Archive pour décembre 2007

Pluie de présences

Mardi 18 décembre 2007

Avant la fin de l’année 2007, et en guise de bons voeux à tous les lecteurs de ce blog, je vous propose un bref retour critique sur certaines évolutions techno-sociétales, et notamment le nouveau protocole Internet, le fameux IPv6.

IPv6, c’est la perspective de disposer bientôt d’assez d’adresses IP pour étiqueter toutes les molécules de l’univers. IPv6  fait bondir de joie les technophiles et les grands agenceurs d’empires réseautiques. Le philosophe, cependant, reste prudent. Non sur la technique elle-même, assez attrayante, mais sur son impact mental et sociétal probable.

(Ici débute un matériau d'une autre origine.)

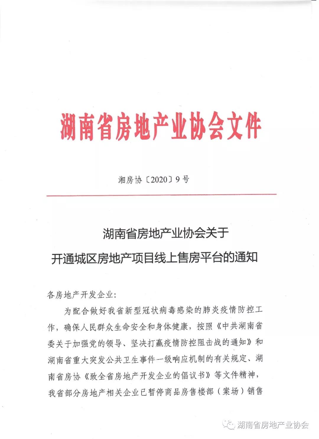 湖南省房地產(chǎn)業(yè)協(xié)會關于開通城區(qū)房地產(chǎn)項目線上售房平臺的通知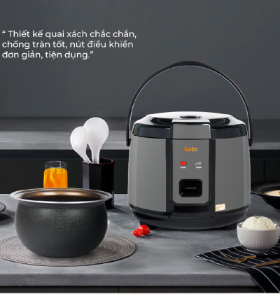 Thiết kế của nồi cơm điện Sato 18F058.N nổi bật với kiểu dáng sang trọng, màu sắc tinh tế, phù hợp với mọi không gian bếp. Quai xách chắc chắn và hệ thống chống tràn hiệu quả giúp việc di chuyển và sử dụng trở nên tiện lợi, an toàn. Nút điều khiển cơ học đơn giản, dễ thao tác, phù hợp với mọi đối tượng người dùng, từ người lớn tuổi đến những người mới sử dụng nồi cơm điện.![]()

Il y a d’abord le fichage ultra-généralisé qui préoccupe le philosophe. Non celui des êtres et des corps, déjà largement en place, et qui va évidemment se perfectionner. Là, le mal est déjà fait. Je pense plutôt aux fichages nouveaux, celui de chacun des mots et de chacune des idées que chacun de nous laissera filtrer dans l’univers réel, qu’il soit public ou privé. Il est même probable que les idées que nous n’aurons pas encore formulées physiquement seront aussi détectables et fichables par les associations et les implications que les moteurs cognitifs sauront extirper de nos recherches sur le web, de nos e-mails privés et des fonds de dossiers que nous laisserons ouverts à la bienveillante attention des spywares et autres espiogiciels planqués dans nos ordis, nos portables et nos GPS.

Il y a aussi le fichage détaillé du monde entier. Chaque centimètre carré de terre vierge ou habitée sera désormais taggé. Non pas de façon délébile (au Karcher), mais bien de façon indélébile et surtout invisible. Certes les GPS, par ce biais, feront pour notre amusement, d’importants progrès en images et en représentations. Mais le philosophe est préoccupé d’autre chose: la ponctuation du territoire par des cartes et des grilles conceptuelles, qui renverront l’appropriation foncière (le "real estate") à l’antiquité, et lui subsitueront l’appropriation logique et catégorielle, désormais brevetable, puissament monopolistique et opposable en droit à toute révolution future.
Je ne sais si en  Mai 2068 , nos petits et arrière-petits enfants devront se réveiller en sueur, mais le cauchemar commence à planter ses doigts noirs dans nos consciences.

Il y a aussi d’autres anges noirs qui nous guettent. Je pense à ces nano-drones, qui sillonneront le ciel, pour leurs missions d’espionnage militaire et civil, et qui peupleront nos angoisses nouvelles. Des pluies de présences virtuelles saupoudront le ciel d’yeux logiques, voyeurs lubriques ou tueurs, qui feront pousser des fleurs de mort, là où la vie n’est plus souhaitée, contre l’avis des vivants.

Plongés dans des gouffres nouveaux, aux tiroirs emmêlés, nous nous distraierons sans doute de mieux en mieux, avec l’Hollyweb et le voyeurisme général. Pendant ce temps, des tyrannies neuves bâtiront leurs divisions. La géostratégie du virtuel a déjà ses Clausewitz et ses Patton. Les Platon du virtuel, les Leibniz des réseaux logico-planétaires se font attendre. Le marché n’en a cure. Il compte. Le pouvoir s’en méfie: il compte aussi.

Il nous reste encore un peu de temps pour penser et rêver.

Realpolitik

Dimanche 9 décembre 2007

Un ministre des affaires étrangères d’un grand pays francophone qui n’appréciait pas qu’on le soupçonne de faire preuve de "realpolitik", vient de qualifier cette expression de "mot germanique violent".

Ce qui retient mon attention, dans cet épisode assez caractéristique de l’époque, c’est que désormais ce sont les mots qui sont jugés "violents" (surtout si par malheur ils sont de plus "germaniques").

Les hommes, c’est bien connu, sont de pacifiques créatures, et leurs hommes politiques de doux agneaux. De temps en temps, ces créatures iréniques tombent dans un attentat verbal, et sont blessés, agressés, par un nom ou un adjectif, qui leur explose à la figure.

Vite, il faut créer une police des mots, une douane logosphérique. Non à la violence lexicale.